Finally, we constructed a clinical prognostic model related to omentum metastasis of ovarian cancer, which was composed of 6-OMAGs and 5 clinicopathological features.
Ovarian cancer is the gynecological malignant tumor with the highest mortality[1]. At present, no effective method for early detection of ovarian cancer has been found. 70% of clinical ovarian cancer is advanced at the time of diagnosis, while after surgery and chemotherapy, 70% of patients will still have metastasis within 2–3 years[2]. Ovarian cancer metastasis has distinct characteristics: it preferentially metastasizes to omental adipose tissue, leading to intestinal obstruction and death[3]. However, the mechanism of this tropism is still remained unclear. Finding the cause of this transfer and preventing it has been a crucial problem that scholars hope to solve for many years.
The omentum is a special adipose tissue in the peritoneal cavity, which is composed of adipocytes and stromal blood vessels, including preadipocytes, fibroblasts, vascular endothelial cells and a variety of immune cells can promote various immune responses, including inflammation, tolerance and fibrosis, thereby promoting peritoneal immunity[4]. Studies have found that after the initial cytoreductive surgery, there are still residual cancer cells latent. The "latent cancer cells" may flow into the omentum through the production of substances such as inflammatory factors, resulting in the change of omental microenvironment: epithelial mesenchymal transformation (EMT), angiogenesis, immune infiltration, inflammation, etc.[5–8], drive the formation of niche before metastasis and contribute to successful transmission, that is, pre metastatic microenvironment (PMN). When tumor cells are planted in the omentum, they can support tumor growth through immune and metabolic mechanisms[7]. However, the preference for omentum preferential metastasis of ovarian cancer is still unclear.
Single cell RNA sequencing (scRNA-seq) uses optimized next-generation sequencing technology to define the global gene expression profile of single cells, which is helpful to isolate the previously hidden heterogeneity in the cell population, especially for the study of tumor heterogeneity[9]. In recent studies, Hu et al.[10] identified 6 subtypes of fallopian tube epithelium cells in normal human fallopian tube tissues by scRNA-seq, revealed intra-tumoral heterogeneity in serous ovarian cancer and defined SOC subtypes that correlate with patient prognosis; Olalekan et al.[11] using scRNA-seq from ovarian tumors resected from omental metastases, revealed immune cell types and subsets with possible roles in the management of disease; Hornburg et al.[12] used scRNA-seq to describe the cell spacing of ovarian cancer microenvironment and shed light on how tumor, immune, and stromal cells interact and shape T cell infiltration.
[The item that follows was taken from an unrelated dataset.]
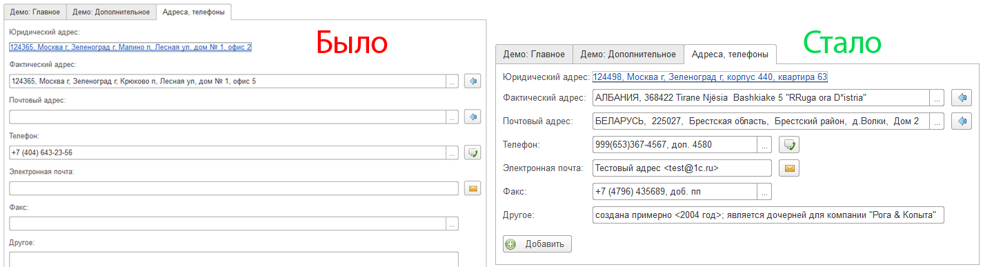 Существенно изменился внешний вид форм контактной информации. Удалось избавиться от большинства лишних параметров выравнивания, уменьшилось количество генерируемых элементов, по-умолчанию заголовки полей ввода теперь размещаются слева (не связано с "1С:Предприятием" версии 8.3.7).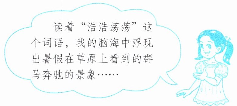 读着“浩浩荡荡”这个词语,我的脑海中浮现出暑假在草原上看到的群马奔驰的景象……

In the present study, scRNA-seq data of ovarian cancer omentum metastasis site was used to explore significant significantly different genes related to prognosis in different cell clusters, combined with GEO microarray data and TCGA-OV bulk RNA-seq data, a risk model of 6-OMAGs (omentum metastasis-associated genes) signature was constructed. Integrated with the clinicopathological information of GEO and TCGA-OV, an ovarian cancer omentum metastasis related prognostic model of risk score and 5 clinical parameters was established. We believe our results will improve our understanding of molecular mechanism and characteristics of ovarian cancer omentum metastasis and its connection with patient survival.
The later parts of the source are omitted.